You could further improve this by exposing a custom enum for the likes of your Type field and internally serializing the number relating to it. Also perhaps exposing the Color enum for the car and internally storing a numerical value.


Give this a try:

[XmlRoot("root")]
public class Car
{
    private static XmlSerializer serializer = new XmlSerializer(typeof(Car));

    [XmlElement("carnumber")]
    public int Number { get; set; }

    [XmlElement("carcolor")]
    public int Color { get; set; }

    [XmlElement("cartype")]
    public int Type { get; set; }

    [XmlIgnore]
    public CarColor CarColor
    {
        get
        {
            return (CarColor)Color;
        }
        set
        {
            Color = (int)value;
        }
    }

    [XmlIgnore]
    public CarType CarType
    {
        get
        {
            return (CarType)Type;
        }
        set
        {
            Type = (int)value;
        }
    }

    public string CarColorString
    {
        get
        {
            return this.CarColor.ToString().Replace('_', ' ');
        }
    }

    public string CarTypeString
    {
        get
        {
            return this.CarType.ToString().Replace('_', ' ');
        }
    }

    public string Serialize()
    {
        StringBuilder sb = new StringBuilder();
        using (StringWriter writer = new StringWriter(sb))
        {
            serializer.Serialize(writer, this);
        }
        return sb.ToString();
    }

    public static Car Deserialize(string xml)
    {
        using (StringReader reader = new StringReader(xml))
        {
            return (Car)serializer.Deserialize(reader);
        }
    }
}

public enum CarColor
{
    Red = 1,
    Blue = 2,
    Green = 3,
    Light_Brown = 4
    // and so on...
}

public enum CarType
{
    Sedan = 1,
    Coupe = 2,
    Hatchback = 3,
    SUV = 4,
    Pickup_Truck = 5
    // and so on...
}

I've added some enums to allow for presentation.

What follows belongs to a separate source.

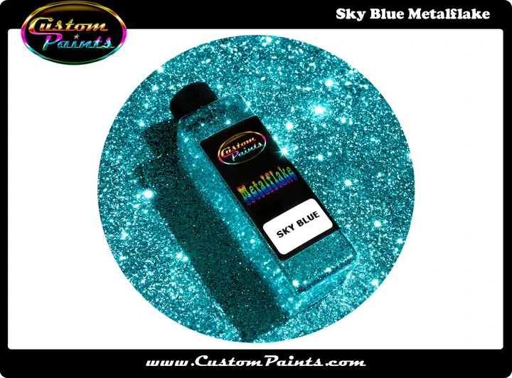 This item is for 6oz of SKY BLUE Metal Flake Medium size .008 Hex Metal Flake Application: Apply Custom Paints Inc Metal Flake over any base color to produce a real custom effect. We recommend adding the Metal Flake to our Flake Carrier but you can add them to a Automotive solvent or water based 1k or 2k Clear coat, Clear base coats (Candies etc) and Clear Varnish. Depending on how heavy you want the flake effect, will depend on how much you will need. Always spray test panels before spraying you product or project to see the effect you desire. Start by prepping your project as you would any other paint job. (Sand, Prime, etc.) Apply 2-3 coats of Base coat. Add the Metal Flake to a Clear base coat or Clear coat and stir well. Apply the Metal Flake until you get the effect you desire. Apply our 2k Show Clear until the Metal Flake is fully covered and you have full Gloss. Spray Gun Size for Metal Flake: (SMF) Small Flake is our fine cut flake at .004 x .004 hex . SMF flake size can be sprayed through most large size tip airbrushes, as well as HVLP full and detail sized spray gun equipment with a 1.0 nozzle set-up or larger. SMF lays down much flatter then MMF, LMF and XMF so it's easier to finish with clear. (MMF) Medium Flake is our medium cut flake at .008 x .008 hex . MMF flake size has a sparkling brilliance that is easy to use.MMF can be sprayed out of HVLP and conventional spray equipment with a minimum of 1.5 nozzle set-up or larger. (LMF) Large Flake is our large cut flake at .015 x .015 hex . LMF flake size has double the amount of sparkling brilliance of the LMF and has been used in the custom market for many years. LMF can be sprayed out of HVLP and conventional spray equipment with a minimum of 1.8 nozzle set-up or larger. METAL FLAKE Custom Paints Inc Metal Flakes are the HIGHEST grade you can buy, there are ultra thin, easy to smooth out and have outstanding sparkle. Our Metal Flakes are solvent proof and wont fade in sunlight as they have a high uv coating on them. we have had 1000s of customers use our flakes and continue using us all the time. Apply our Metal Flakes over any base color to produce a real custom effect. The Metal Flake can be added to solvent or water based Products, Clear Coats, base coats and Varnish. Custom Paints Inc offers 3 types of Metal Flake: Metal Flake, Prism Flake and Holographic Flake. Metal Flake is available in Small (004 Hex), Medium (008 Hex), Large (015 Hex) The unique Metal Flake color range: SILVER METAL FLAKE GUNMETAL METAL FLAKE BLACK METAL FLAKE GOLD METAL FLAKE DARK GOLD METAL FLAKE BRONZE METAL FLAKE COPPER METAL FLAKE ORANGE METAL FLAKE WINE RED METAL FLAKE FLAME RED METAL FLAKE PINK METAL FLAKE FUCHSIA METAL FLAKE PURPLE METAL FLAKE CLEAR METAL FLAKE SKY BLUE METAL FLAKE BLUE METAL FLAKE DEEP BLUE METAL FLAKE GREEN METAL FLAKE EMERALD METAL FLAKE BLURPLE METAL FLAKE The Prism Metal Flake comes in 1 size (008 Hex). The Prism Metal Flake Color Range: GREEN PRISM METAL FLAKE RED PRISM METAL FLAKE GOLD PRISM METAL FLAKE BLUE PRISM METAL FLAKE RAINBOW PRISM METAL FLAKE The Holographic Metal Flakes are available in Medium (008 Hex) and Large (015 Hex). The Holographic Metal Flake Color Range: SILVER HOLOGRAPHIC METAL FLAKE GOLD HOLOGRAPHIC METAL FLAKE BLUE HOLOGRAPHIC METAL FLAKE RED HOLOGRAPHIC METAL FLAKE ORANGE HOLOGRAPHIC METAL FLAKE PINK HOLOGRAPHIC METAL FLAKE GREEN HOLOGRAPHIC METAL FLAKE PURPLE HOLOGRAPHIC METAL FLAKE BLACK HOLOGRAPHIC METAL FLAKE SAPPHIRE HOLOGRAPHIC METAL FLAKE FUCHSIA HOLOGRAPHIC METAL FLAKE About Us Custom Paints Inc has now opened in Florida and is part of the European company Custom Paints Ltd located in the United Kingdom. Custom Paints Ltd is Europe's leading custom paint manufacturer who have been developing and supplying new, innovative special effect paints worldwide for over 15 years. Custom Paints Ltd ensures that all products manufactured exceed market expectations and are made using only the highest quality materials available. Custom Paints Ltd products are not limited to only the automotive sector; our coatings also have many other applications including architectural and industrial. These coatings can be applied to almost any surface that can be painted including plastics, glass, canvas, metals, wood and much more. Custom Paints Ltd is divided into 3 Brands: Kustom Canz, Specialist Paints and Inspire "Airbrush Paints". Metal Flake Aerosol Cans (Also Available in our eBay store) Our award winning Metal Flake is available in a Aerosol can. Our Aerosol cans give high output with excellent atomization and high transfer efficiency with no pressure drop during application. Using our aerosol cans saves you time & labor with no paint mixing or Spray gun cleaning. To get the best result from our Metal Flake aerosol cans we recommend using our 2K CLEAR-COAT CANZ. 2K CLEAR-COAT CANZ is the best 2k aerosol on the market!! Delivery information Most orders are shipped within 24 to 48 hours of receipt of payment. Orders received on weekends & holidays may require additional shipping time. We ship our orders with UPS MAIL, UPS GROUND or USPS. If you haven’t received your order within 14 days please contact us. WARRANTY Be aware of some cheap Metal Flake, Pearls and Paints on eBay as many won't be covered by any warranty, Custom Paints Ltd ensures that all products manufactured exceed market expectations and are made using only the highest quality materials available. Custom Paints Inc are able to give you a quality product with full backup and guidance on applying our products. Many of our Paint colours are available in water base. Please call us if you have any questions on our water based products. Returns Policy: Custom Paints Inc will accept returned items but items must be returned with in 14 days unused and saleable condition. All items must be returned with out the bottle or tin being opened. Please contact us before returning any items. Thank you. USA Office & Showroom Address: Custom Paints Inc 9632

You can set the values of a Car and serialize it to an xml string:

Car car = new Car();
car.Number = 1;
car.CarColor = CarColor.Blue;
car.CarType = CarType.Coupe;
string xml = car.Serialize();

And deserialize an xml string into a car:

string example = 
@"<root>
 <carnumber>12</carnumber>
 <carcolor>2</carcolor>
 <cartype>5</cartype>
</root>";

Car car = Car.Deserialize(example);

For presentation, you can use the CarColorString and CarTypeString properties, which, in case your enum values contain more than one word, replace underscores with spaces.

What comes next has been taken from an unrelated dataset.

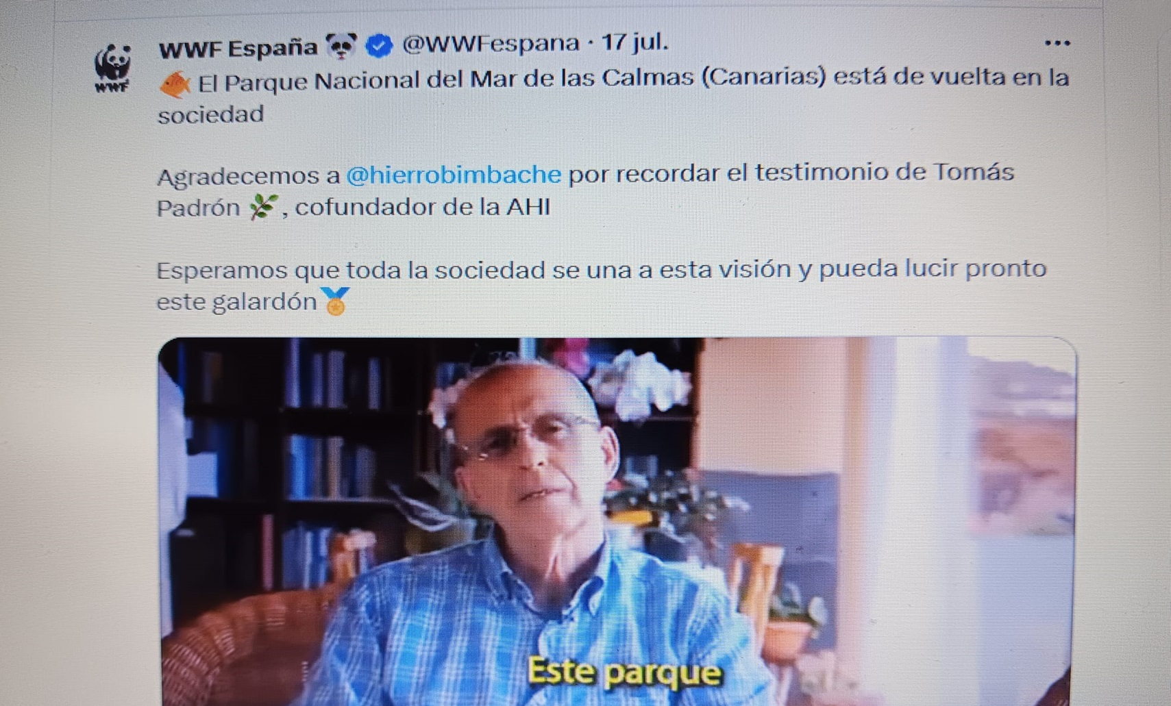 WWF ESPAÑA agradece a El Hierro Bimbache.es, en sus redes sociales (en X antes Twitter, pincha enlace https://x.com/WWFespana/status/1813530704564633762 ) por recordar el testimonio de Tomas Padrón, cofundador de la AHI, donde esperan, que toda la sociedad herreña se una a esta visión y pueda lucir pronto este galardón, en referencia al Parque Nacional Marino.(PINCHA AQUÍ PARA VER LA NOTICIA).

Console.WriteLine(car.CarColorString);
Console.WriteLine(car.CarTypeString);


Why not format your XML file more like:

<root>
 <carnumber code="2" name="John's Car"/>
 <carcolor code="3" name="Red"/>
 <cartype code="2" name="Hatchback"/>
</root>


I would build the UI in WPF, not WinForms. Set up a data context that binds to the XML as an XML data source, write type converters to round trip the data between the internal and human-readable values, bind combo boxes to the various elements, and Bob's your uncle.

I recognize that this answer isn't very useful to you if you're not using WPF.